Before getting started, make sure your butter and buttermilk are super cold. I like to cut my butter into pieces and measure my buttermilk and place both in the freezer while I measure the dry ingredients.
Preheat oven to 400F
In a large bowl combine flour, cornmeal, baking powder, baking soda and salt.
With a pastry cutter, cut in the butter, working until the butter chunks are pea sized.
Drizzle in the honey and buttermilk with a spatula until a dough starts to form. Knead dough by hand a little until the dough starts to take shape. It will be crumbly, but that's okay. Don't overwork it or the butter will melt.
Turn out dough out onto a cutting board or countertop and pat into a one inch thick square. With a bench scraper, cut the dough into four sections.
Flour your work surface, then stack the dough pieces. Roll or pat dough into a one inch thick rectangle.
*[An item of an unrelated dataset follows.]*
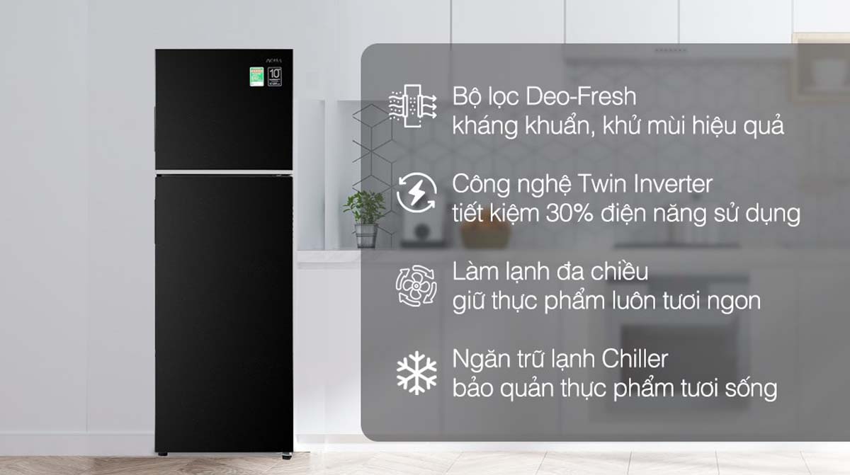 AQR-T299FA(FB) được trang bị công nghệ Twin Inverter, giúp máy nén và quạt hoạt động ổn định, kiểm soát nhiệt độ chính xác và tiết kiệm điện năng tối ưu. Nhờ đó, tủ lạnh vận hành êm ái, giảm tiếng ồn và kéo dài tuổi thọ thiết bị. Công suất tiêu thụ điện năng khoảng 0.84 kWh/ngày.

Using the bench scraper, cut the dough into 8 square biscuits.
Line a sheet pan with parchment and evenly space the biscuits on top. Freeze for 15 minutes.
When ready to bake, brush the cornmeal biscuits with melted butter, then bake 20-25 minutes.
Notes
If you don't have a pastry cutter you can freeze butter and shred it with a coarse grater. Toss butter with flour mixture and process to the next step.